Middle ground could be key to Desabre getting ‘flowers’

Uganda's coach Sebastien Desabre (1st-R) gives his instructions during the 2019 Africa Cup of Nations (CAN) football match between DR Congo and Uganda at Cairo International Stadium on June 22, 2019. AFP PHOTO

Sebastien Desabre, the 26th coach to hand the Cranes (and only sixth at the Afcon finals), comes off as thoughtful if emotionally subdued and unemphatic. There is something very restrained about this 42-year-old Frenchman. He might have been born in Valence, a place famed for being the door to the South of France as much as a hotbed of flowers, but his faintly reticent style is neither inviting nor rosy.

By the time you read this piece, you will know if Desabre -- who promises have persisted in their urging of playing attacking football delivered Uganda’s first win at the Afcon finals since that show-stopping semi-final performance in 1978. The Cranes came up against a swashbuckling Democratic Republic of Congo outfit at Cairo International Stadium yesterday with the vast majority of Ugandans fearing for the worst. Hopefully they were wrong.

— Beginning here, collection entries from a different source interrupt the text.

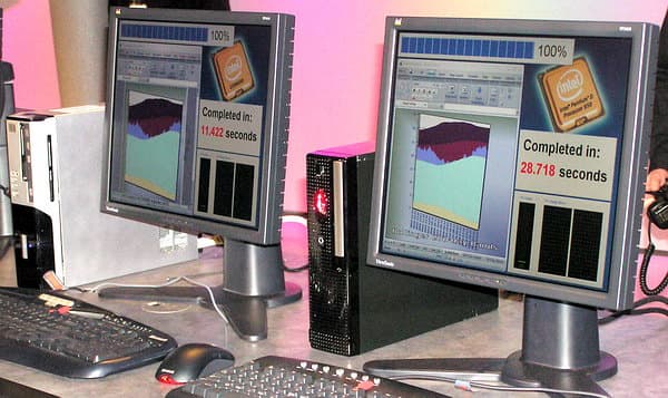 Забавность в этих «публичных гонках» заключается даже не в том, что Intel впервые (!) стала на людях сравнивать результаты для своих процессоров с процессорами AMD, а в примерно годичной разнице в возрасте между этими системами. Посмотрим, «сделает» ли Woodcrest новеньких Оптеронов через полгода. ;)
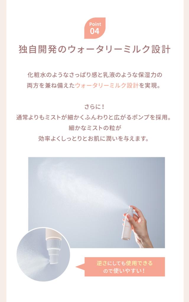 化粧水のようなさっぱり感と乳液のような保湿力の両方を兼ね備えたウォータリーミルク設計を実現。
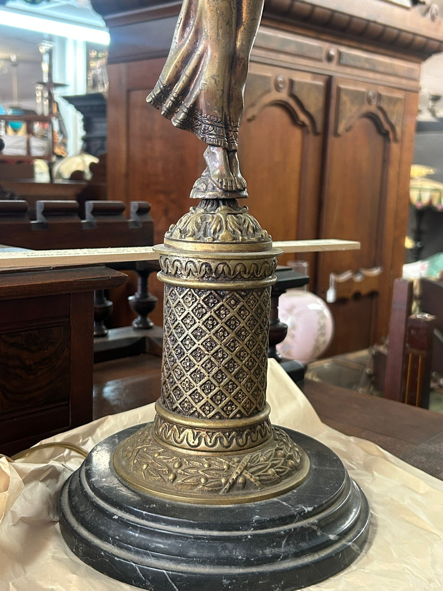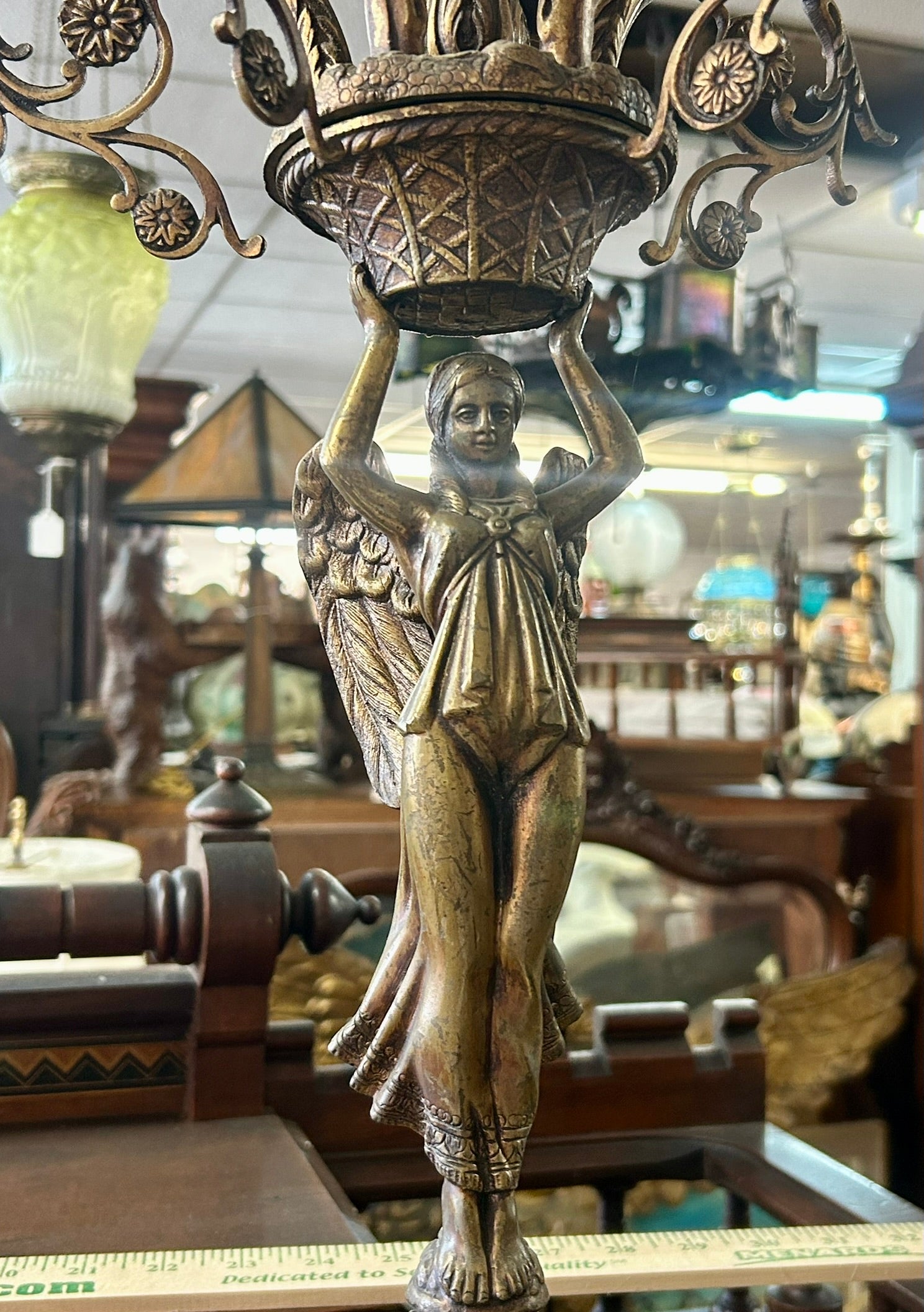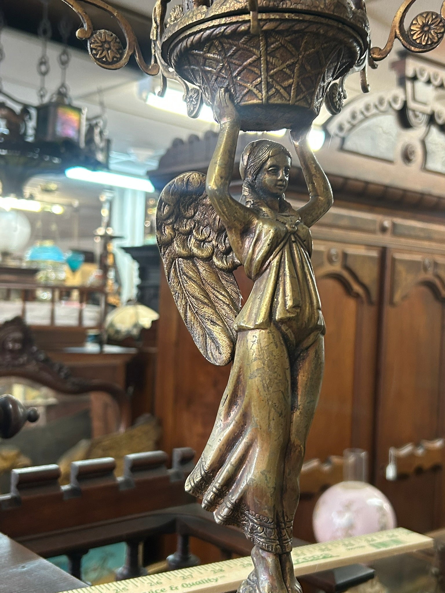 LARGE ANTIQUE FIGURAL ANGEL ANTIQUE ELECTRIFIED CANDLE HOLDER 26" TALL NOT COUNTING CANDLES. CALL OR TEXT FOR MORE INFORMATION
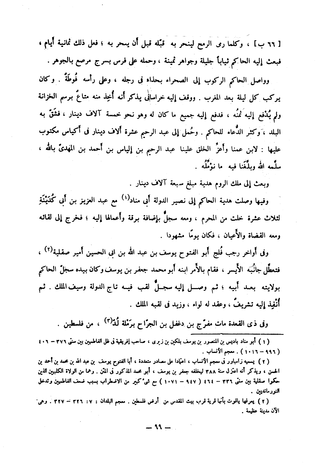 وكلما رمى الرمح لينحر به قبله قبل أن ينحر به؛ فعل ذلك ثمانية أيام، فعبث إليه الحاكم ثياباً جليلة وجواهر ثمينة، وحمله على فرس بسرج مرصع بالجوهر.
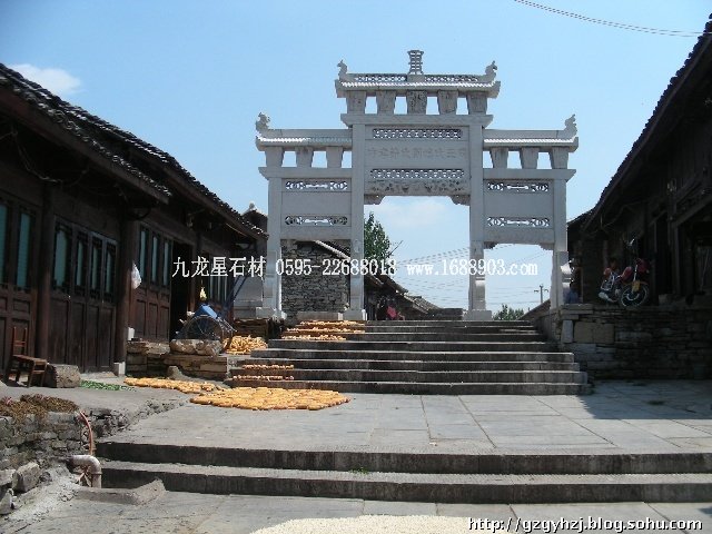 上網(wǎng)查閱了一下關(guān)于牌坊的資料:牌坊,是封建社會為表彰功勛、科第、德政以及忠孝節(jié)義所立的建筑物。牌坊就其建造意圖來說,可分為四類:一是功德牌坊,為某人記功記德。 二是貞潔道德牌坊,多表彰節(jié)婦烈女,三類是標(biāo)志科舉成就的,多為家族牌坊,為光宗耀祖之用。四類為標(biāo)志坊,多立于村鎮(zhèn)入口與街上,作為空間段落的分隔之用。
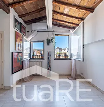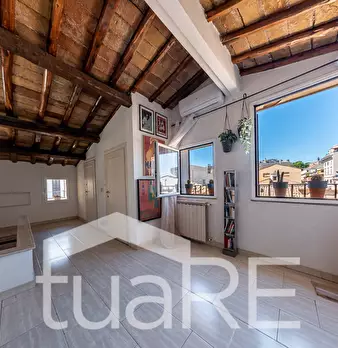 TUA RE Trastevere ad.(Piazza di San Cosimato) MERAVIGLIOSO, SIGNORILE e PARTICOLARE ULTIMO PIANO, unico nel suo genere con SPLENDIDI E CARATTERISTICI AFFACCI PANORAMICI sui tetti di Roma, completamente e FINEMENTE RISTRUTTURATO, splendidi SOFFITTI...
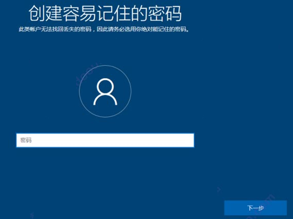 如果你输入的密码不满足上述条件,系统会提示密码不符,同时“下一步”按钮不再可用,请按“回车”键继续设置符合条件的密码;
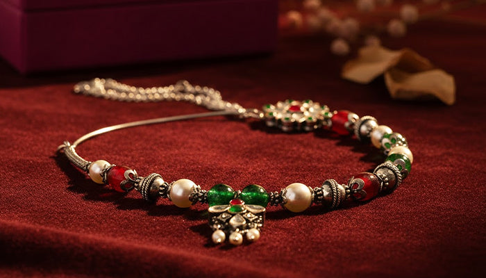 Celebrated in Uttarakhand’s Garur region, this nath carries the visual language of bridal and ceremonial adornment. The floral stone settings reflect festivity and abundance, while the rhythmic bead sequence symbolizes balance and continuity, making it a meaningful ornament associated with marriage, celebration, and cultural pride.

The pessimism, however, could be down to the fact that Desabre has in characteristic fashion been so muted, even matter-of-factly, in the buildup to Egypt 2019. We cannot claim that the Frenchman’s quietness has disturbed the equilibrium of our predictions-obsessed selves in unforeseen ways. Yet a few sleeps before Egypt 2019 rolled off, Desabre awoke from his ‘slumber’ to tell us something that intrigued and thrilled in almost equal measure.

The Cranes, he revealed, won’t hold back in desperate hope that a safety first approach yields dividends. To be fair to Desabre’s predecessor, the pragmatic approach almost took Uganda places at Gabon 2017 were it not for Isaac Isinde’s moment of madness and Abdallah El Said’s late show. Fans yearning to see bravery and determination in the face of great odds got a fair dose of it at Gabon 2017. In turn, they displayed a beautiful side of fandom whilst willing on their heroes, particularly against Egypt.

Uganda will yet again stand foursquare in the vortex of the Pharaohs’ challenge, but this time Desabre wants Cranes players to do something different. He wants them “to take risks.” The Frenchman knows that anything less will attract a charge of trying to reinvent the Milutin ‘Micho’ Sredojevic wheel.

It is, however, equally important for Desabre not to be blind to risks associated with giving players a broad latitude to take risks. A middle ground has to be reached. A heavy duty loss might not be different from a marginal one, but the court of public opinion tends to see things a little differently. In which case, flowers and an open door become such a rarity.